Myelodysplasia Following Therapy with Tumour Necrosis Factor-alpha (TNF α) Inhibitors - An Uncommon Occurence.

Introduction-Tumour necrosis factor- alpha (TNF α) inhibitors such as infliximab & etanercept have various applications such as severe rheumatoid arthritis, seronegative spondyloarthritis, vasculitis, crohn’s disease & psoriasis. There have been few reports of haematological complications arising in patients treated with anti-TNF a therapies. There has been only one reported case of development of acute myeloid leukaemia after initiation of etanercept therapy.

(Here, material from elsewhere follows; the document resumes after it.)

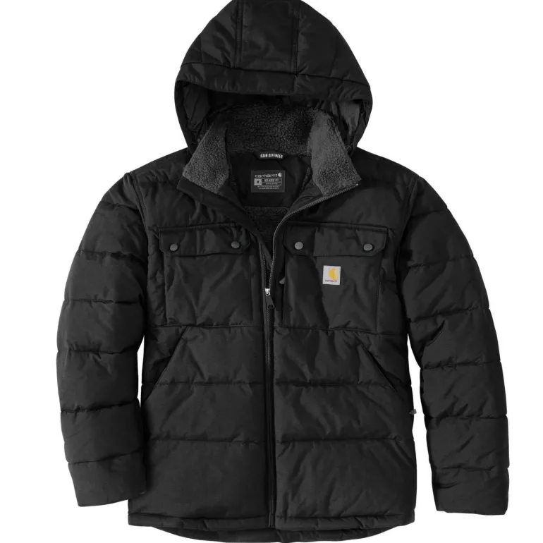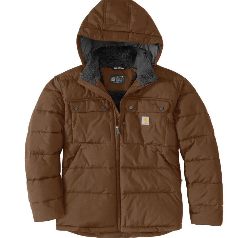 Carharttin takki, joka sopii sekä arki- että työkäyttöön. Takki on erittäin kulutusta kestävä, lämmin ja mukava päällä. DWR-käsitelty nailonkuori hylkii kevyttä sadetta ja likaa, ja Rain Defender™- sekä Wind Fighter™ -teknologiat pitävät sinut kuivana ja suojaavat tuulelta. Sisäpuolella kevyt sherpa-vuori tuntuu pehmeältä ja lämpimältä, ja Syncloud Loft -eristys auttaa säilyttämään lämmön myös lämpötilan laskiessa. Loose fit -istuvuus (isohko).

Case report-A 57year old gentleman with HLA B27 negative ankylosing spondylitis presented with chest infection. His full blood count showed Hb 5.9 g/l WBC 3.8 × 10^9/L Neutrophil count 2.7 × 10^9/L Lymphocyte count 0.7 × 10^9/L Platelet count 89 × 10^9/L & Reticulocyte count 21 × 10^9/L. Occasional myeloblasts were seen on the blood film. He had been on biological therapy for ankylosing spondylitis with infliximab 5mg/kg infusion on 8 weekly basis for 18 months which was stopped due to lack of efficacy. Subsequently he had been treated with etanercept 50 mg subcutaneous once weekly for the past 16 weeks prior to this presentation. His full blood count prior to initiation of infliximab & etanercept was Hb 11.6 g/l WBC 16 × 10^9/L Neutrophil count 12.8 × 10^9/L Lymphocyte count 2.1 × 10^9/L Platelet count 655 × 10^9/L and Hb 11.0 g/l WBC 8.2 × 10^9/L Neutrophil count 4.9 × 10^9/L Lymphocyte count 2.4 × 10^9/L Platelet count 591 × 10^9/L, respectively. He underwent bone marrow investigations. Bone marrow aspirate was aparticulate with dyshaemopoeisis. Dyserythropoeisis in form of irregular nuclei, occasional binucleated cells & delayed nucleo-cytoplasmic maturation was seen along with dysmyelopoeisis in form of binucleated cells & pelger forms. Blasts amounted to 14% of nucleated cells. Overall, impression was in keeping with refractory anemia with excess of blasts (RAEB-2). Trephine biopsy showed mildly hypocellular bone marrow with markedly disordered haemopoeisis. There was trilineage dysplasia with abundant micromegakaryocytes with immunocytochemistry for CD117 showing increased number of progenitors (10–20%). The appearances were in keeping with myelodysplasia with excess of CD117 positive progenitors. Cytogenetic study failed. The sepsis responded to broad spectrum antibiotics but he continues on red cell & platelet support on a weekly basis.

Conclusion The chronology points to a TNF α inhibitor mediated effect in this patient. Despite the close temporal association between exposure to TNF α inhibitor therapy and the presentation of myelodysplasia in this patient, a causal relationship cannot be established with confidence. Tumour necrosis factor inhibitors find wide applications in inflammatory conditions with high TNF. Such treatment may be associated with uncommon complications. It is of interest to note there are ongoing trials using TNF α inhibitors in myelodysplastic syndrome. Checking a full blood count periodically, and immediately if the patient is unwell is recommended.